Read: Colnago and Pope John Paul II- the Man with the Golden Bike

There have been similarly productive relationships in recent years, most notably the meeting of minds between McLaren and Specialized to produce the Venge. McLaren (who, incidentally, made the initial approach) brought 30 years of composite experience to the project, backed up with state-of-the-art research facilities and the exacting standards of production demanded by a leading Formula One team.

 

Over a nine month period, incremental, but significant gains were made in the design and lay-up of the carbon fibre in order to attain the optimum stiffness, weight and unrivalled performance. Those who cast doubt on the innovation of the Venge were quickly silenced when Matt Goss triumphed in the 2011 edition of Milan San Remo. Little wonder that his HTC-Highroad team mate, Mark Cavendish, admitted that he’d miss riding his Specialized when the team disbanded at the end of the season.

Read: Milan-Sanremo & Matt Goss, romance on the Italian Riviera

No doubt the success of the Venge proved to be the catalyst for other marriages.  Team Sky’s association with Jaguar evolved into something far more productive than a car sharing scheme, with Pinarello working closely with the British company to develop the Dogma F8. And when Pinarello sought to tame the cobbles of Flanders and Roubaix, it was Jaguar’s suspension engineers who provided invaluable input into the development of the Dogma K8-S. In turn, the aerodynamicists at Jaguar’s Warwickshire HQ helped tweak the design of the Bollide HR ridden by Sir Bradly Wiggins in his successful pursuit of the Hour Record.

The input from motoring industry is often imperceptible when it comes to bike design, confined to carbon fibre lay-up or wind tunnel data analysis, but there is one collaboration that resulted in an altogether different beast.

Read: Fausto Pinarello – buon gusto and beautiful bikes

In July 1992, Chris Boardman cycled into the public consciousness when he eased past Jens Lehmann to take gold in the Individual Pursuit at the Barcelona Olympics, but for many of 60 million viewers, his performance was eclipsed by what he was riding.

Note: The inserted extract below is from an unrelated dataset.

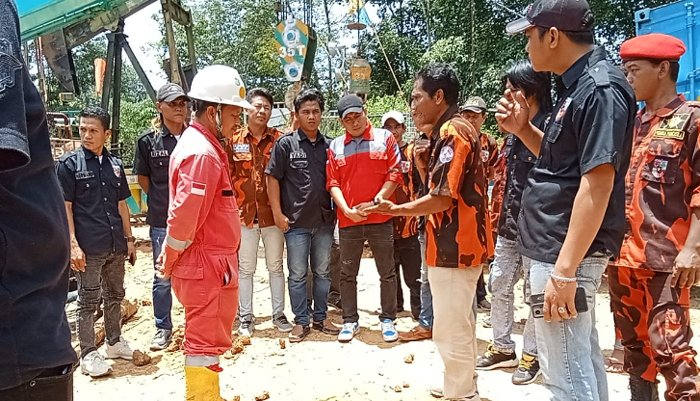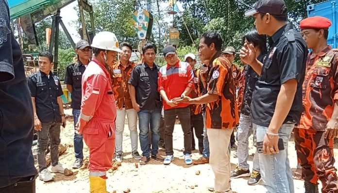 PALI, BERITAANDA – Puluhan massa yang tergabung dalam Pimpinan Anak Cabang (PAC) Pemuda Pancasila (PP) Kecamatan Talang Ubi Kabupaten PALI melakukan aksi damai di area pengeboran minyak PT General Buditekindo (GBT) sub kontraktor rig service PT Pertamina yang berada di Kecamatan Talang Ubi, Sabtu (30/3/2024).

The Lotus Type 108 was, to all intents and purposes, a concept bike, a radical design conceived by the ingenious mind of Mike Burrows, but fine-tuned by the engineers at Lotus.

 

In his autobiography, Triumphs and Turbulence, Boardman recounts his first meeting with Lotus aerodynamics boffin, Richard Hill. Comfort, Boardman quickly discovered, was not on Hill’s agenda. “His sole focus was reducing drag, bending me into shape to make the air flow as smoothly over me as possible. He neither knew nor really cared about what might be comfortably or biomechanically efficient.”

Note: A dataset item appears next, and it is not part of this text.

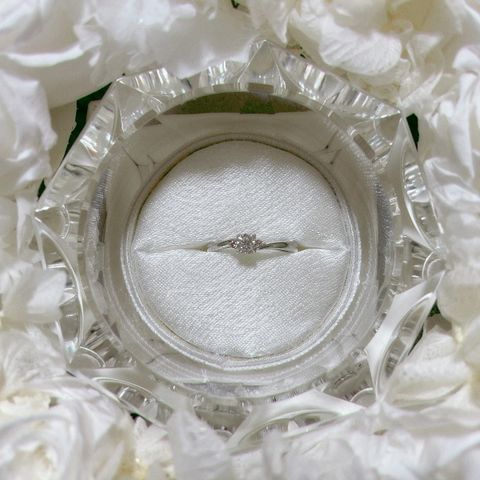 第一にダイヤモンドに重きを置きました。ダイヤモンドの中でも大きさ研磨の仕方など高いレベルのものを選んでいただき見せてもらいました。実際に自分たちの目で確認を何度も行い、2人で納得したものを選びました。指輪は長く身につけることができるようにシンプルなデザインかつ自分の個性的な部分がいれたいと思い選びました。ダイヤモンドが大きく目立つようになっているデザインですが、横から見ると花が咲いているように見えるようになっています。シンプルかつ個性を意識して選びました。

The gains were significant and Boardman came to appreciate that a fresh, original approach could accelerate technical innovation, even though Hill had no experience of cycling or bike design. The level of wind-tunnel testing and data analysis Lotus provided was unprecedented and like Colnago’s collaboration with Ferrari, helped to revolutionise the sport, sowing the seeds for where we are now, with bike brands regularly turning to the high performance car industry and Formula One in their unceasing search for perfection.